We have continued being cautious even after Raana was finally vaccinated (people with learning disabilities were initially not a priority for vaccination, despite their higher risk) because being vaccinated does not stop you getting Covid.

To minimise the risk to Raana, I avoided going out before Christmas and steered clear of those still mixing indoors. It seemed odd to friends who enjoyed a more normal festive season compared to last year, but my family Christmas was spent in the garden. It was inconvenient but also a temporary and low-risk option.

Such mitigations also make sense given some autistic people and people with learning disabilities are still unvaccinated, according to research by Professor Chris Hatton of Manchester Metropolitan University. Some people cannot get the support they need for their acute needle phobias and there are others who are yet to have booster jabs.

The removal of restrictions threatens aspects of Raana’s life that had started returning to normal. With masks gone and Omicron still raging (government data shows 107,000 people recently tested positive on a single day), she will not feel confident enough to do her shopping, go to the gym or volunteer in the cafe run by the charity that supports her.

The sudden lifting of restrictions to benefit the majority simply limits options for the minority. This is proved by the findings of the Coronavirus and learning disabilities study funded by UK Research and Innovation. It shows that the lifting of last summer’s restrictions made life more restricted for learning disabled people. More than half the 500 people surveyed still worried about leaving the house.
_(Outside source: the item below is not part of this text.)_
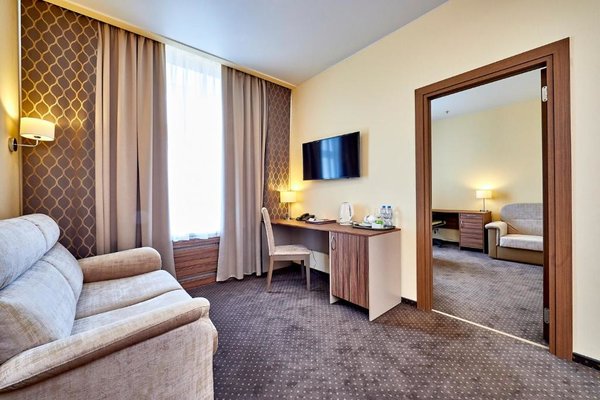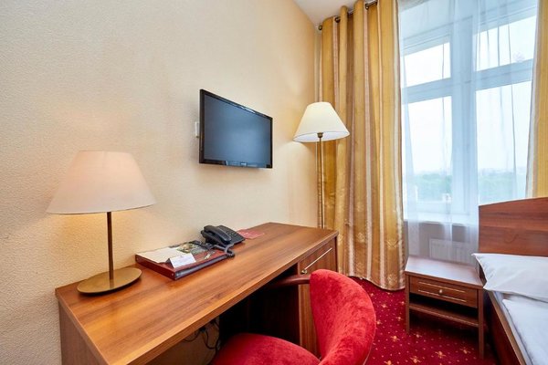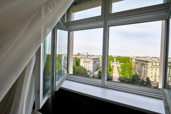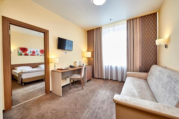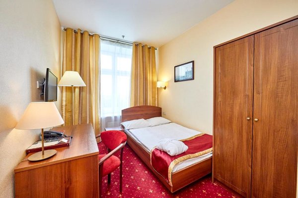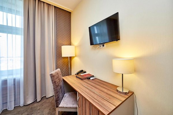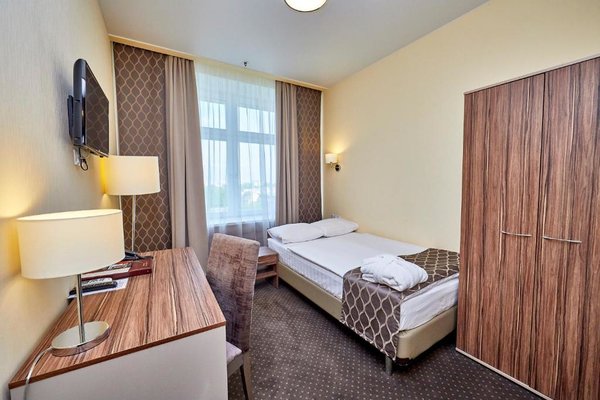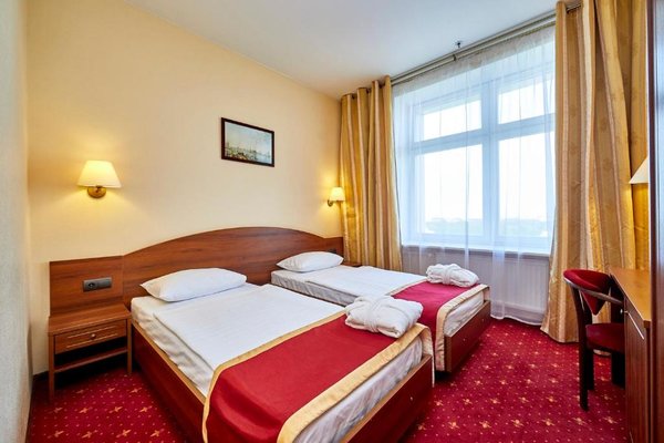 Поездом до ж/д вокзала Балтийский, далее на метро до станции «Технологический институт-2», далее на метро до станции «Парк Победы», далее пройти пешком 670 м до отеля.

Only one in 10 said their lives had returned to normal.

The charity Sibs, which helps disabled people’s siblings and which I chair, recently launched a project to support those still living cautiously to keep their brothers or sisters safe.

Louise Gascoine is worried about her brother who has a learning disability, complex health needs and is clinically extremely vulnerable. Gascoine, who is clinically extremely vulnerable herself, says: “I feel so very sad and angry about how removing restrictions places more limits on my brother – limits on where he can go, who he can see, on doing the things that bring him joy. All of these restrictions being suddenly lifted when we’ve shielded him for the entirety of the pandemic, it just doesn’t feel safe to emerge from shielding at all.”

Gascoine, who lives in the northeast of England, says she will continue to wear a mask and avoid indoor spaces outside of home: “I long for the day my brother and I can return to doing the things we love, but so many people are being sucked in by the narrative of ‘everything is okay’, I’m left wondering what kind of life outside of shielding we’ll ever go back to.”

Natasha Fenwick, from Hampshire, has similar concerns for her learning disabled and clinically extremely vulnerable sister: “My sister lives in a care home and has been shielding for the last two years. In recent months she has finally been able to go out twice a week, to two specific, controlled places, but a return to normal activities is still a long way off for her. Without masks and other protections, I’m worried this will be prolonged even further, and I’m concerned about the effect on her mental wellbeing.”

We will continue to wear masks but this does not make us killjoys, cowards or opponents of liberty. We simply understand extra protections are needed for a little longer in the interests of people most at risk from Covid.

The decision to get rid of masks without a scrap of acknowledgement for the impact on disabled or clinically vulnerable people does not consider those who need the most support. In this government’s haste to embrace “living with the virus”, people who are already the least visible will be further excluded.